In collaboration with the College of Computer Science at Georgia Tech, we are developing computational algorithms that can accurately predict drug responsiveness of patients based on genomic/gene expression profiles. This approach uses learning algorithms, which are much more accurate than current methods employed by commercial firms such as Foundation Medicine etc.
This development is being coupled with genomic studies (DNA/RNA sequencing analyses) on ovarian cancer primary, metastatic and recurrent tumors all collected from the same cohort of patients. Further studies aim to validate these predictions in current patients by establishing primary cell lines from patient tumor samples. By submitting the patient sample to genomic profiling, we will be able to predict drug responsiveness and hopefully delete chance from the equation.
In reflecting over a 40-year career devoted to the care of women with ovarian cancer, I find myself consumed with the sheer barbarity of it all. A sharp knife opens the abdomen from the pubic symphysis to the xiphoid process to remove cancerous cells, there’s six rounds of chemotherapy, a recurrence and then more surgery and chemotherapy, etc.

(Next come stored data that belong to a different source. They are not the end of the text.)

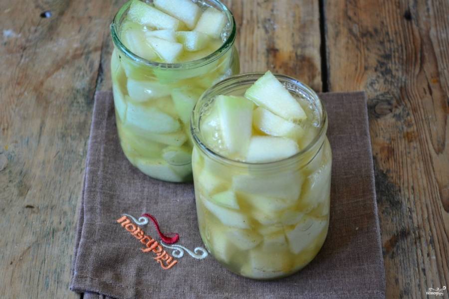 Пока будет закипать маринад, сложите плотненько в чистые сухие банки кусочки дыни. Затем залейте их горячим маринадом.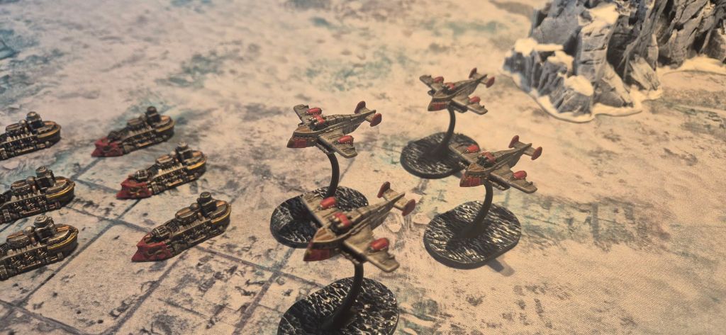 But, torpedo-spam seems to work – three Caliburns with torpedo turrets were a constant nuisance to Jay’s carrier group. I might need to work on magnetising and painting some more torpedo turrets.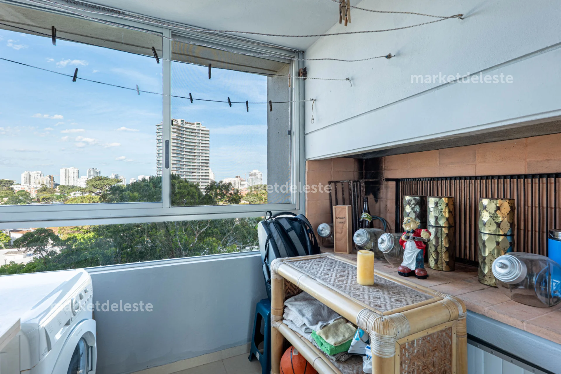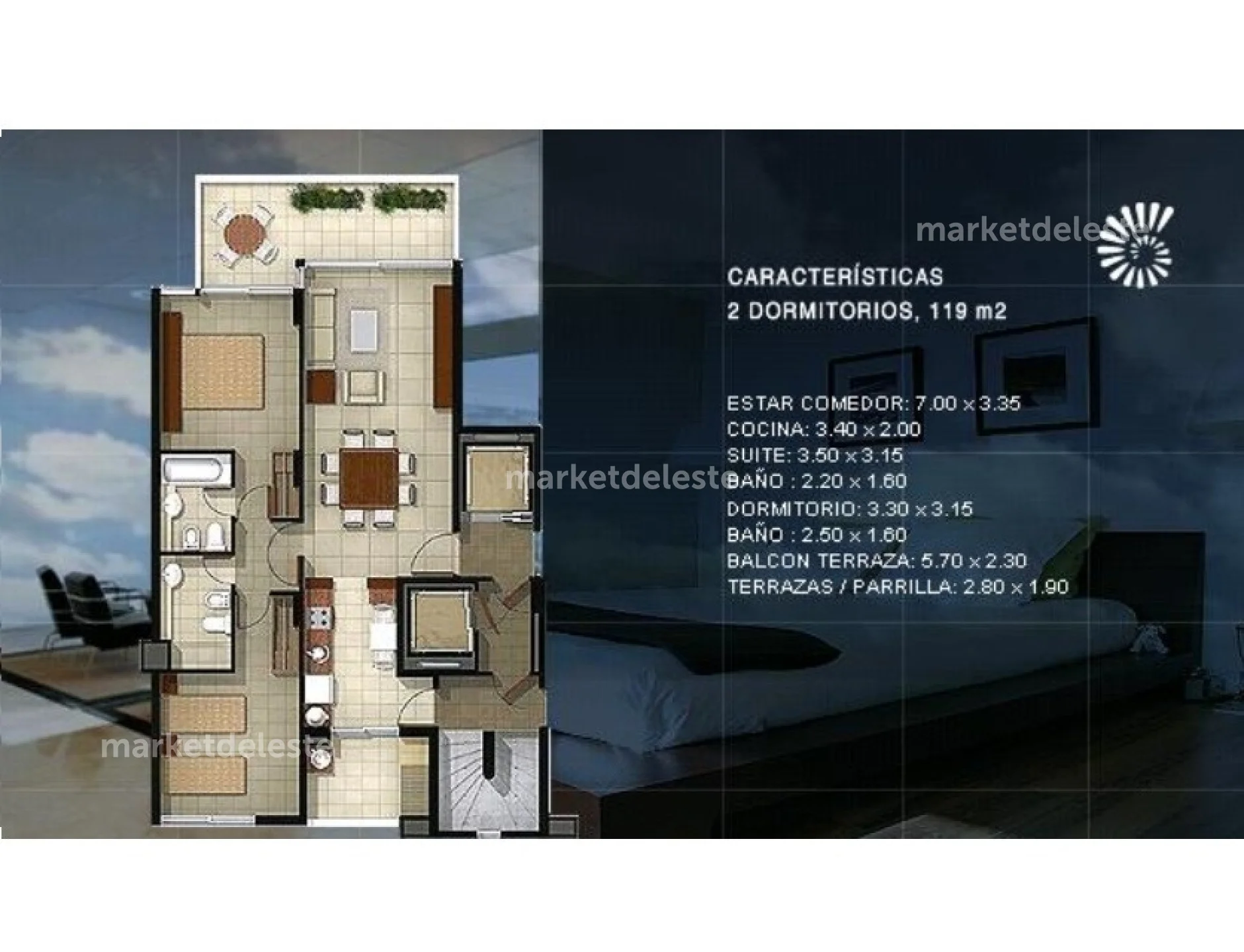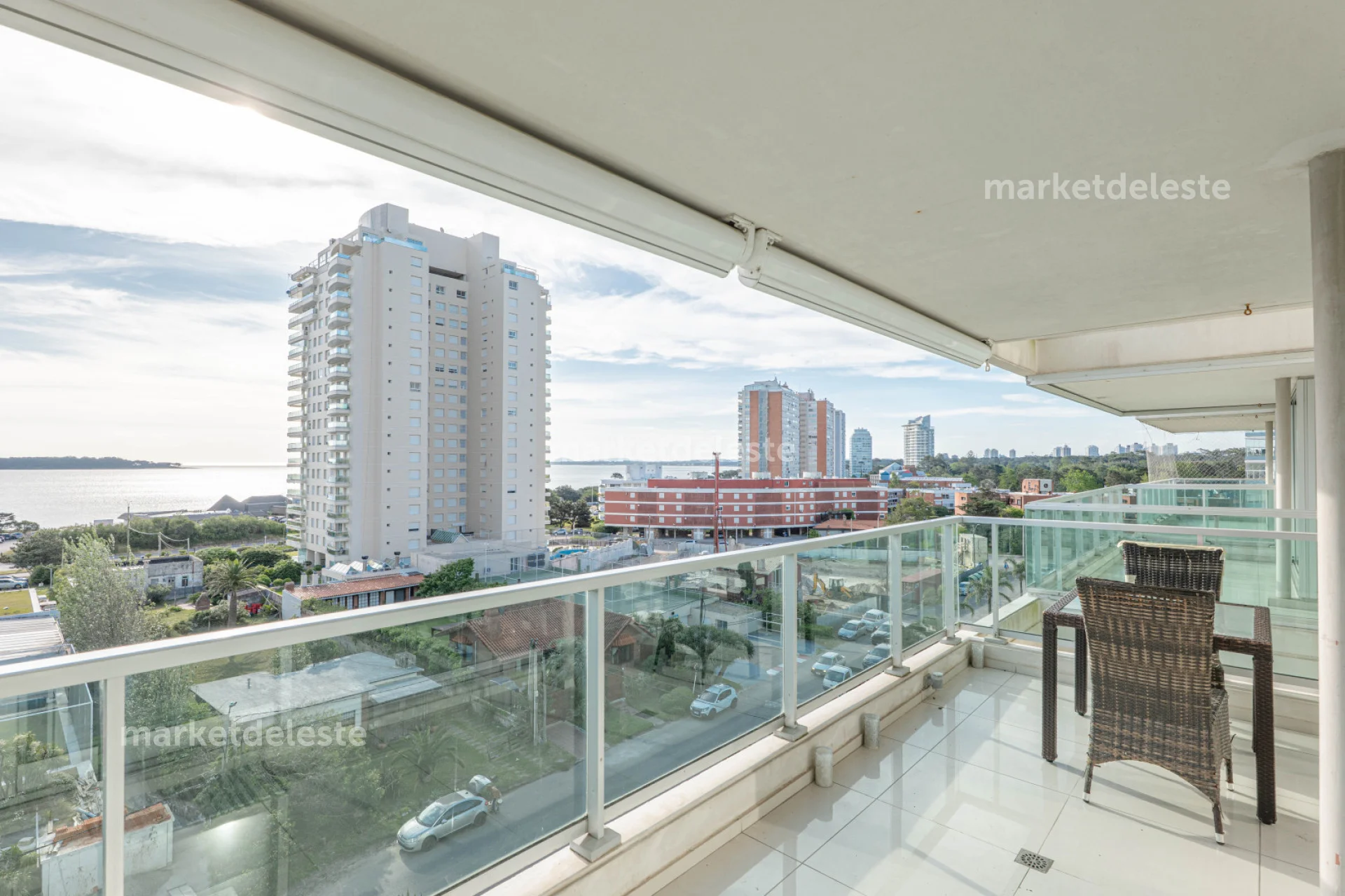 El apartamento cuenta con 2 dormitorios, 2 baños (uno en suite), Amplio balcón terraza con vista al mar, cocina totalmente equipada, lavadero y terraza de servicio con parrillero propio.

I would like to envision the next generation of oncologists sending a newly diagnosed patient to an interventional radiologist to have some cells sucked through a skinny needle passed into the tumor under CAT scan guidance. These cells would be easily grown in the cell culture laboratory, then a geneticist would create the exact antidote to the nuclear protein in the cancer cell.
This material would then be injected into the patient at 10 in the morning, killing every cancer cell without harming a hair on her head and seeing to it that she is not late for her 2 p.m. tennis match. I would call this designer therapy – Giorgio Armani constructs the cancer treatment. Maybe one day we will see this idea come to fruition.